I immediately went over to her to see if she was okay. I picked her and she was shaking like crazy. I went to giver her a kiss and a snuggle, which I do about one million times a day, and she struck out at my face like she was going to bite me. She has never done this before! I knew something was very wrong.

I thought it would be safest for her and my kids to tell her to kennel, she walked right in, and I did not correct her for lashing out at me. I knew she was totally afraid or hurt or something and it was not a behavioral thing going on. I have corrected her for trying to bite me when grooming or growling at my youngest...but this situation did not seem like a correction would be the best thing.

I left the door to her crate open and she ended up going to my bedroom and hiding under my bed. By this time, the thunder was really going like gang busters.

Well, we always have joked that she is our beloved border collie Beauty incarnate (she was born on the day Beauty died and she frequently lies in the same spot under our kitchen bench) and Beauty was absolutely bonkers about storms coming. We never needed a weather man as she was our forecaster. Way before any storm rolled in, she would start nervously panting and want to be right next to me our my hubby. Meanwhile, I was so surprised at Posh's reaction of hiding and wanting nothing to do with her Mommy.

I've read that you can slowly condition a dog to be more comfortable with storms by playing thunder audio quietly during the day. Anyone with experience with this? I also thought about giving her rescue remedy...I am a bit concerned about the "nip in fear" reaction, and I think I will kennel her in the near future if a storm comes in, as it seems she just wants to go somewhere safe and I just can't explain to my four year old why she shouldn't comfort her scared puppy.

Sorry this post is so dreadfully long.
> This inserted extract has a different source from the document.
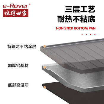 烧烤世家 火狐不粘烧烤盘烧烤工具配件家用韩式煎盘户外烤肉盘铁板 方烤盘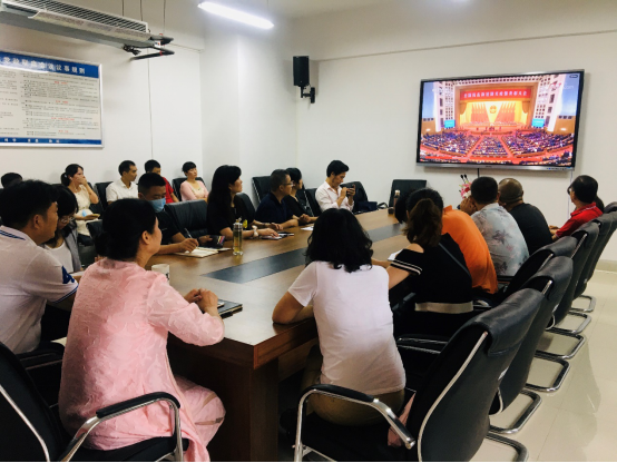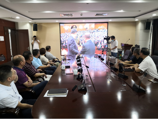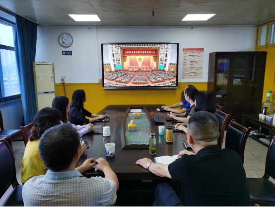 学校领导班子和职能部门主要负责人集中收看现场

Looking for some tips from the pros.


----------



## Posh's Mom (Dec 20, 2007)

Oh one more thing...usually when she is afraid e.g. of the blow dryer, she still gives me tons of kisses. This (the almost biting my face) was sooo weird and I was/am really worried.


----------



## CapotesMom (Apr 3, 2007)

Poor Puppy! I wish I had some advice for you!

I think you have a good idea; let her be where she's comfortable.. I don't have this problem with Capote..he's pretty laid back about everything..including bad storms.. and we get some DOOZIES around here. I don't bother him or let him think anything is wrong or different than it normally is though. I think he can tell when I'm stressed for tornado warnings and such cause when I'm huddled on the couch or in the closet watching the progress on those he lays right up beside me..but I think it's more cause he senses how worried I am more than him being scared.


----------



## Thumper (Feb 18, 2007)

Did she jump up to lick your face or was it a mock bite/aggressive? I've dealt with the fear of storms, she usually crawls on my chest and plants herself there, but the aggression thing is odd, I haven't seen that one, but I suppose any dog could could react that way if they are scared enough.  Maybe she was feeling pain and/or hurt when you husband touched her? Like injuring herself or even digesting something painful?
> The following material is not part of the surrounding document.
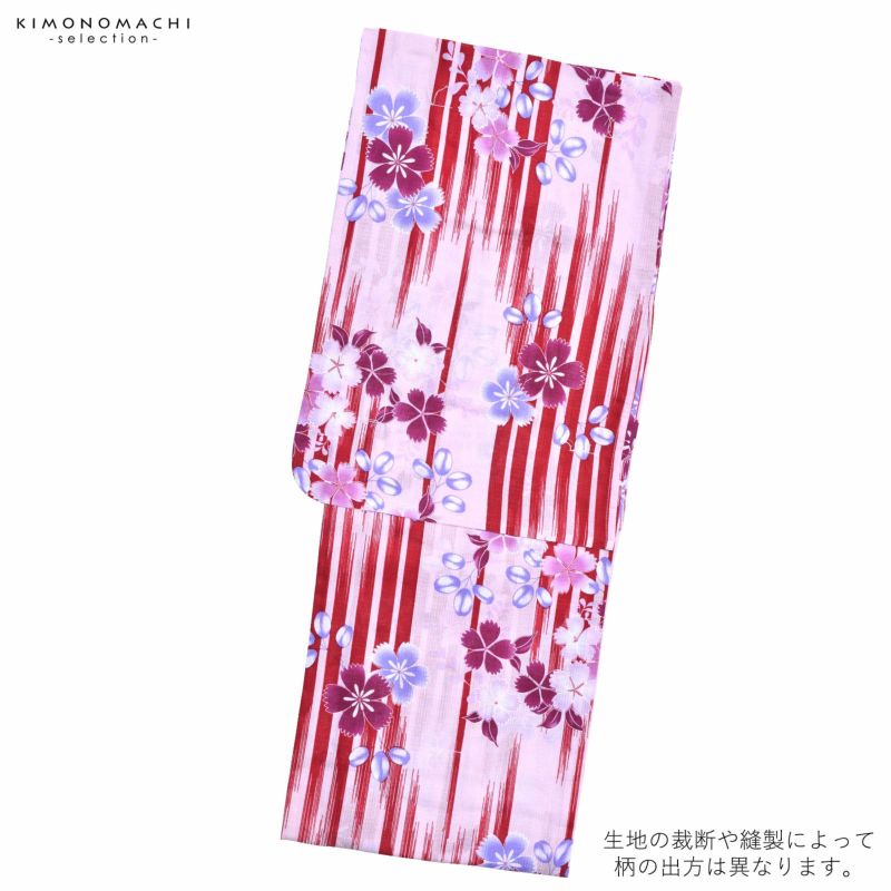 浴衣 レディース 単品 「ピンク地に桜 赤の矢絣」 F フリーサイズ yukata 【メール便不可】

I don't really have too many ideas with this one, but wanted to offer my support! I would consider playing the tapes and see if they help, even during feeding or 'play' time so she associates the sound with a positive thing.

Hugs!
Kara


----------



## Posh's Mom (Dec 20, 2007)

Posh was on my lap (shaking) and I brought my face down to kiss the top of her head. I do this a million times a day...so I was shocked when she snapped at me.

Also, my husband hadn't touched her he just put his hands down ready to pick her up and she "screamed" like he had whacked her. She's done this to me once. She had been hiding under a chair and wouldn't come out. I didn't want to pull her out, even though I could reach her, because I'm working on getting her to come out of tunnels at agility on her own when I call her. I got a treat to coax her out and was going to pet and scoop her out when she screamed like I had totally hurt her as my hands were going to her. I was calling her in a patient nice voice, and yet I think she thought I was really mad. I do remember when I picked her up from the breeder that she had hid under a couch and the breeder had pulled her out, she didn't get to walk out from under her spot on her own. I got her at six months? Could something have happened to make her think I or my hubby are going to hurt her? Is she a drama queen? I'll keep working on this trust, I guess, so she knows she's always going to be okay here.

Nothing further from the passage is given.